# Twist-Top Vial



## Jawsforwindows

Hello everyone,

The context is:

Thera Tears Lubricant Eye Drops with Twist-Top Vial 

"Thera tears" is a company wich sells eye drops for people who have dry eye.

What is the meaning of Twist-top vial?

Thanks in advance


----------



## k-in-sc

Here's an image:
http://www.google.com/imgres?imgurl...&ndsp=25&ved=1t:429,r:2,s:24&biw=1262&bih=821

They're single-use (non-resealable) vials.


----------



## Jawsforwindows

Thanks

Don't you know how could it be translated into spanish?
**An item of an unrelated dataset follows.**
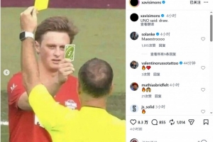 哈維·西蒙斯社媒曬出自己被出示黃牌的照片,以及球員向裁判出示UNO卡牌的梗圖,配文:“UNO說——抽牌(雙關(guān)平局)?!?/p>

"single-use (non-resealable) vials"

I only understand "single-use" wich is "de único uso" "o de un solo uso" (se pueden usar solo una vez, es decir, no se pueden reutilizar)


----------



## Jawsforwindows

Reading the dictionary and the web, I thought that "*Twist-Top Vial"* could be translated as:

"Ampolla monodosis/unidosis"

What do you think?. Is is correct or wrong?


----------



## k-in-sc

Well, it looks like the "twist-top" is like a little plastic handle that helps you open the vial. Good for people with arthritis, etc. But once you tear the top off, you have to use it all. By calling it "twist-top," they want to emphasize the ease of use, not the single-use aspect.


----------



## Jawsforwindows

I understand perfectly now.

Thanks a lot for the explanation.


----------



## k-in-sc

I still don't know what you would call it.
Frankly, before I searched for it, I thought it would be like those ketchup or mustard containers with pointy tips that you twist to create an opening (there's some kind of core that the top lifts away from). But that wouldn't work very well for eyedrops, which really should remain sterile.


----------



## Ilialluna

Hola. Creo que se refiere simplemente a "viales (con tapón) de rosca". Por lo que veo en la página comercial de esta marca, no tienen por qué ser de un solo uso; los de un solo uso tienen una especie de lengüeta en la punta que se parte.
Saludos.


----------



## k-in-sc

With all due respect, Ilialluna, I think it is referring to the single-use vials with the top you tear off (with a twisting motion), rather than to the screw-top vials.


----------



## Ilialluna

Hi, k-in-sc. After searching a bit more on the web, I think you're right,although I did find some "twist-top vial" of the "rosca" type, but I think it was a product marketed in China. I know what kind of vial it refers to, but apart from "vial monodosis", I have not found any suitable translation. I'll ask tomorrow my pharmacist whether he knows a better translation, because "vial monodosis" doesn't really refer to the type of the container itself.
Should I find something, I'll tell you.


----------



## Jawsforwindows

I found a web in spanish where there's a medicine wich is contained in something very similar to the product that I mentioned. At least, the system to open the containers is virtually the same that k-in-sc explained above. They refer to these conteiners as "ampollas de polietileno" (Polyethylene is a kind of plastic).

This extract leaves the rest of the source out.